However, there are roughly two technical problems in general multitask learning.

The first problem is a restriction that data to be learned in each task should exist in the same feature space. Feature vectors of data should have the same dimensions, and a configuration of features that may be presented by each feature vector, the range of values of the features, and the like should not vary depending on the task. This is because it is necessary to share the same network structure in a process of extracting a common feature from datasets, and forward propagation to a shared layer is impossible when data features are heterogeneous. It is difficult to expect a plurality of datasets collected in the real world to have the same structure and feature.

The second problem is that there is no way to determine whether a shared layer is actually involved in learning common features. Tasks may have actually very different data distributions or labeling criteria. In this case, a learning model is trained not to extract a common feature from data but in a direction for each individual task to competitively improve its own inference performance only. As a result, in some cases, learning of each dataset may degrade inference performance for an unrelated task. In particular, when there is a significant difference in learning difficulty between tasks, overfitting occurs on learning of a task of which a classification loss value can be easily reduced, resulting in imbalanced performance among tasks.

SUMMARY OF THE INVENTION

The present invention is directed to providing a multitask learning method of compensating for performance degradation of a model caused by lack of data and ensuring performance improvement and balanced performance by simultaneously learning heterogenous and sparse datasets which have small amounts of data and belong to different domains. The present invention is also directed to providing an apparatus for performing such a multitask learning method.

Technical objectives of the present invention are given below.

    • 1) In an existing multitask learning mechanism, it is not possible to learn datasets having different feature spaces in common.
    • 2) In the case of learning different datasets, a shared layer cannot perform a function of extracting a common feature normally, or a difference in inference performance between tasks significantly increases accordingly.

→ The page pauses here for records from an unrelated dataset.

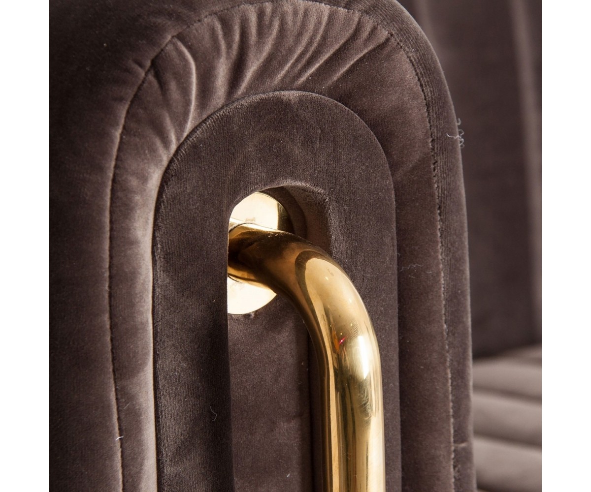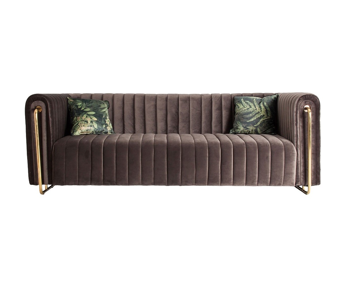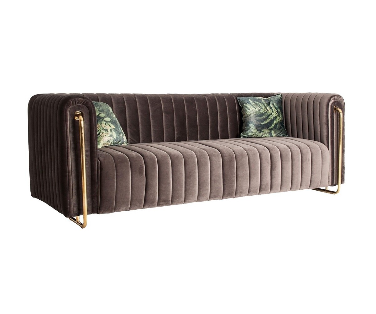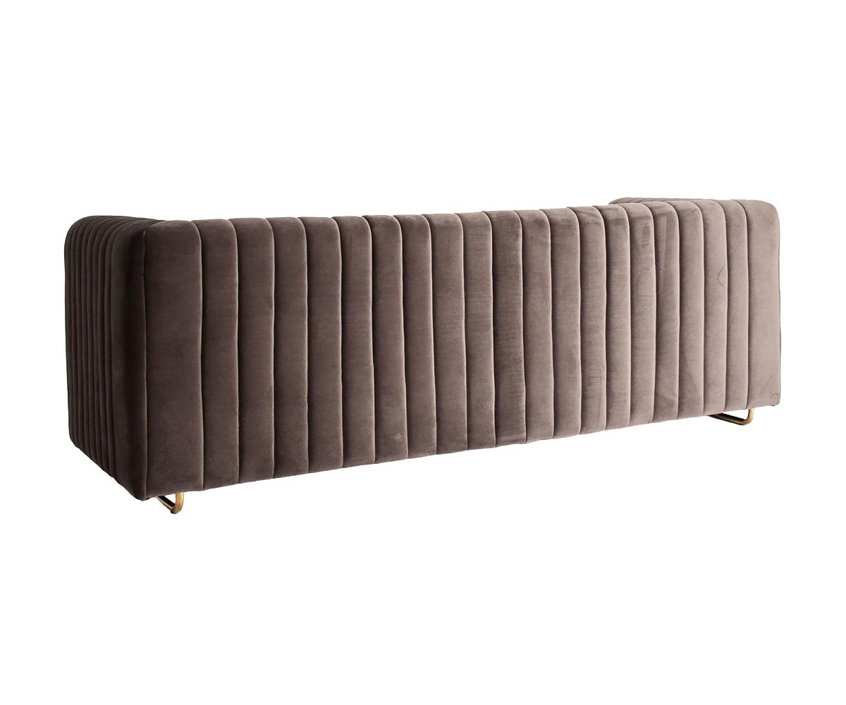 Sofá inspirado en un diseño de Sam Rivers. Estructura de roble macizo de una pieza, relleno de polipropileno indeformable. Tapizado en tejido color gris 100% poliéster, terciopelo, combinado con acero dorado. Producto desmontable. Patas en acero cónico en negro y dorado.
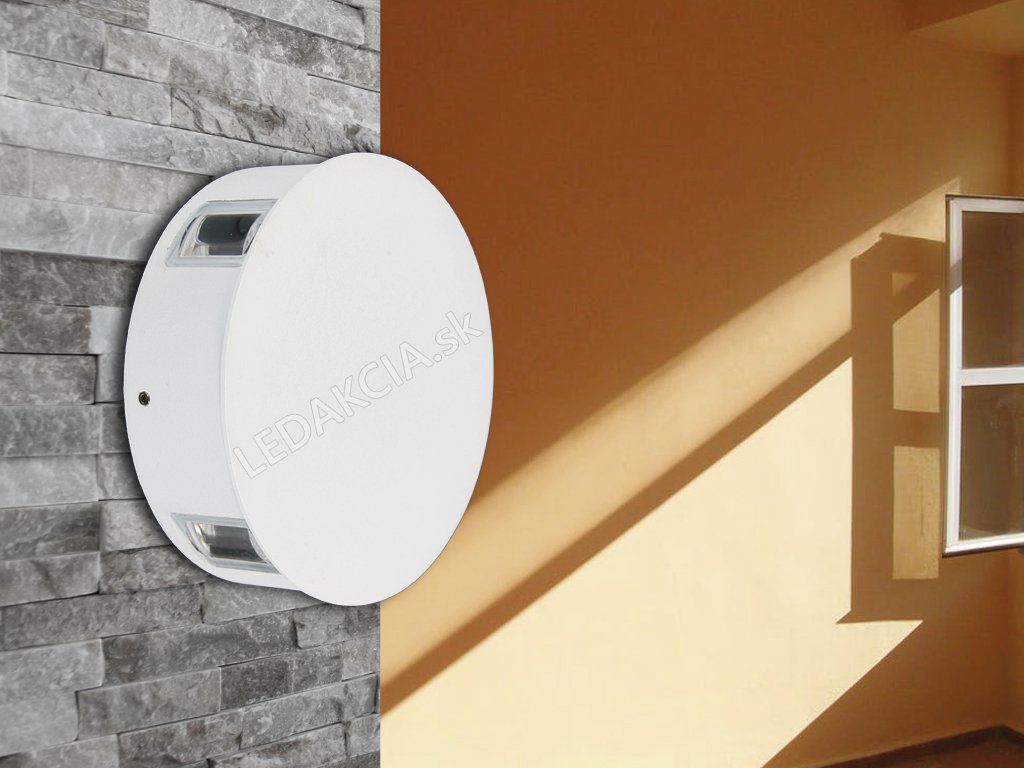 Aplica de perete LED de 4W este potrivită ca iluminat exterior decorativ. Există o variantă alb cald 3000K și o variantă Alb Natural 4000K. Dimensiune: Ø150 x 50 mm.
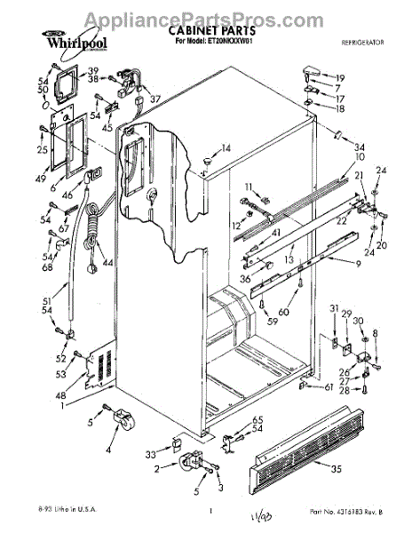 Parts for Whirlpool ET20NKXXF01: 01 - Cabinet Parts

To achieve the above purpose, the present invention proposes three techniques given below.

    • 1) A data augmentation technique of generating a batch to simultaneously learn heterogeneous datasets having different feature spaces.
    • 2) A technique of projecting heterogeneous datasets so that they may have similar feature spaces.
    • 3) A technique of adjusting optimization strength of representation loss and task-specific loss to resolve imbalanced learning performance between a shared layer and each individual task inference layer.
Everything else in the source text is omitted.